▶ [SUPPLIED ENTRIES]
[Start of section]

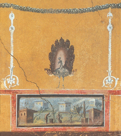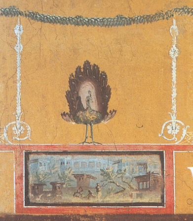 Peacocks above two vignettes depicting tombs and sacrificial worship. Detail from the upper section of a wall-painting depicting Hercules in the garden of Hesperides retrieving Hera's life-giving 'golden apples' (pomegranates). The theme of immortality is also restated by the presence of the peacocks and the scenes of sacrifice and worship amongst the altars and tombs shown in the two vignettes.
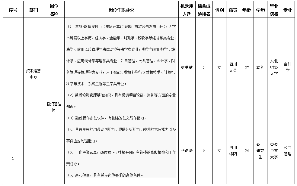 根据欧宝app发布的招聘公告及招聘相关规定,经笔试、面试、考察、体检等程序,拟录用彭书敏等同志到欧宝app工作,现予以公示,具体情况如下:
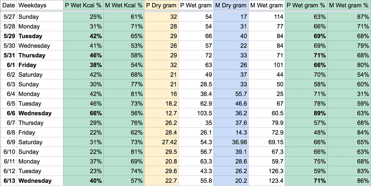 습사료 대비 건사료의 열량이 2~9배 정도 높기 때문에 열량을 채우면서도 토하지 않을 만큼 먹이기 위해서는 적당량의 건사료 급여가 필요하다. 문제는 어느 정도의 양이 적당한 것인가였다. 결국 전체 먹은 양 대비 습사료 비중을 계산해 보았고, 혼자 배변을 한 날은 굵은 글씨로 표시를 해서 대조한 후, 매일 먹는 양의 70%는 습사료를 먹이기로 했다.
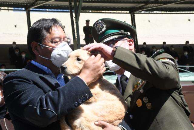En el mismo acto, desarrollado en la Academia Nacional de Policías (Anapol), el presidente del Estado, Luis Arce, rindió homenaje a perros policías en conmemoración del Día de San Roque.
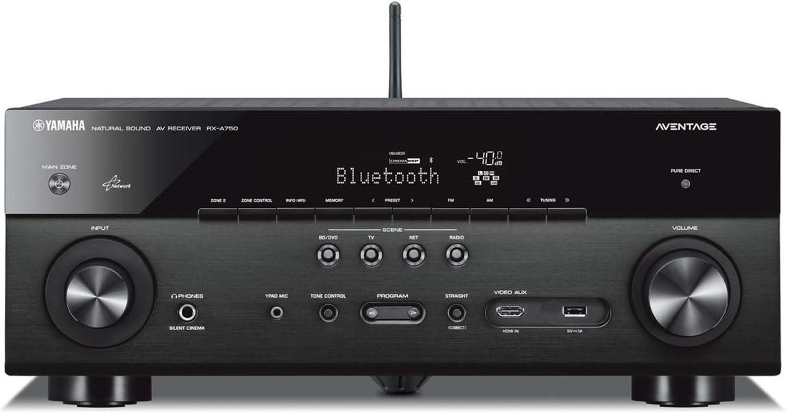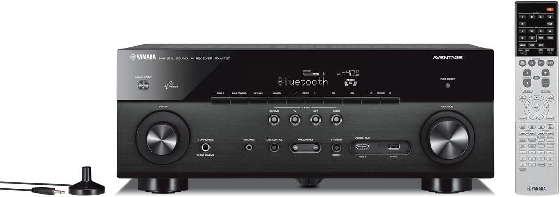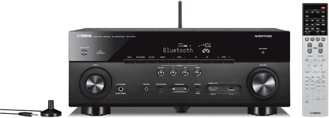 7.2-channel AVENTAGE network AV receiver is designed to provide high quality sound. Experience movies in stunning 4K Ultra HD with HDMI video upscaling and HDCP 2.2 support. Enjoy high-resolution audio playback and access to online music services with built-in Wi-Fi. Conveniently connect a smartphone or tablet with Bluetooth for quick access to your favorite music. Harness the flexibility of Party Mode and listen to music in different areas of your home with the convenient Yamaha AV Controller App.

[End of section]

▶ [TASK]
Repeat everything in the entries above word for word, excluding the images.

▶ [RESULT OF THIS EXERCISE]
 Peacocks above two vignettes depicting tombs and sacrificial worship. Detail from the upper section of a wall-painting depicting Hercules in the garden of Hesperides retrieving Hera's life-giving 'golden apples' (pomegranates). The theme of immortality is also restated by the presence of the peacocks and the scenes of sacrifice and worship amongst the altars and tombs shown in the two vignettes.
 根据欧宝app发布的招聘公告及招聘相关规定,经笔试、面试、考察、体检等程序,拟录用彭书敏等同志到欧宝app工作,现予以公示,具体情况如下:
 습사료 대비 건사료의 열량이 2~9배 정도 높기 때문에 열량을 채우면서도 토하지 않을 만큼 먹이기 위해서는 적당량의 건사료 급여가 필요하다. 문제는 어느 정도의 양이 적당한 것인가였다. 결국 전체 먹은 양 대비 습사료 비중을 계산해 보았고, 혼자 배변을 한 날은 굵은 글씨로 표시를 해서 대조한 후, 매일 먹는 양의 70%는 습사료를 먹이기로 했다.
En el mismo acto, desarrollado en la Academia Nacional de Policías (Anapol), el presidente del Estado, Luis Arce, rindió homenaje a perros policías en conmemoración del Día de San Roque.
 7.2-channel AVENTAGE network AV receiver is designed to provide high quality sound. Experience movies in stunning 4K Ultra HD with HDMI video upscaling and HDCP 2.2 support. Enjoy high-resolution audio playback and access to online music services with built-in Wi-Fi. Conveniently connect a smartphone or tablet with Bluetooth for quick access to your favorite music. Harness the flexibility of Party Mode and listen to music in different areas of your home with the convenient Yamaha AV Controller App.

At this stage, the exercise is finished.